As a female band leader / composer / arranger making radically unorthodox music within the patriarchal world of jazz, as a peerless harp and piano/organ player, as a spiritual thinker whose attempts to combine disparate strands of devotional tradition into a universal system of belief exhibit a power and dedication that goes way beyond mere ‘new age’ hippie-era dabbling... for all these things Alice Coltrane deserves our respect, but beyond all that, the main point here is that the albums she made for Impulse between 1968 And 1973 feature some of the most beautiful, transformative, genuinely psychedelic music I have ever heard.

In fact, I've deliberately avoided reading much about the context, personal detail and critical opinion of her albums, just because they're so stunning in their own right that I neither need nor want any outside interference.
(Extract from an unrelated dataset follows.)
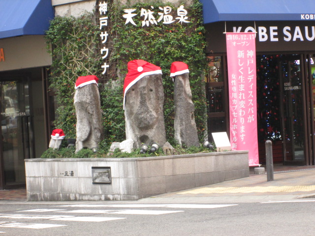モアイ?サンタちっくな石像ちゃんは、某スパ前にて♪

So just listen to this cut from 1970’s "Journey in Satchidananda" and tell me this lady wasn't some mighty kind of a genius. Appropriately enough, it’s an evocation of Shiva in his aspect as “the dissolver of creation”;

Shiva Loka

The line-up here is Alice Coltrane on harp, Pharaoh Sanders on sax, ‘Tulsi’ on Tamboura, Cecil McBee on bass and Rashid Ali & Majid Shabazz on percussion.

Hope you enjoy (you'd be a fool if you didn't I fear), and good luck to AC on whatever unimaginable cosmic voyages her spirit has planned.
 
 
doctorbeck
14:45 / 16.01.07
you said that much better than any obit i've read, and made a good point about how as a unique female bandleader and wife of one of the giants of jazz she hasn't been paid her dues. genuinely incendiary fusion music that blows the likes of mahavishnu orchestra out the window. anyone interested from what they read above would do a lot worse than starting with journey to satchananda, which sounds like nothing before or since.
 
 
rosie x
15:27 / 22.01.07
...starting with journey to satchananda, which sounds like nothing before or since.

I'll second that; it's absolutely stunning and has been a long favourite of mine too. May she rest in peace.
 
 
doctorbeck
07:33 / 23.01.07
anyone else ever made it to the church of st john coltrane in san fran? i hope they have a shrine to alice now too and maybe include some of her devotional music in the love superme liturgy they play.

i always had a hope someone would get her over with her son ravi on sax to play in the UK but in 10 years of looking never saw it.
 
 
rizla mission
07:50 / 23.01.07
It's interesting and quite unfortunate that Alice Coltrane's music seems to have 'fallen between the cracks' to some extent, hense pretty muted coverage of her death.

I get the feeling that a lot of jazz fans/critics have written off or underrated her work simply because a lot of the time it doesn't really tick the boxes that conventional jazz demands. Eg, it's more about modal composition, arrangements and dense sheets of sound than it is about virtuoso blasting or dynamite chemistry between the players.

And on the other hand, a lot of people probably don't encounter her work just because they're not jazz fans and don't want to venture into that whole weird world.

I think the only Alice Coltrane fans I've come across have tended to be more along the lines of avant-rock / psychedelia fans. (Myself included I guess.)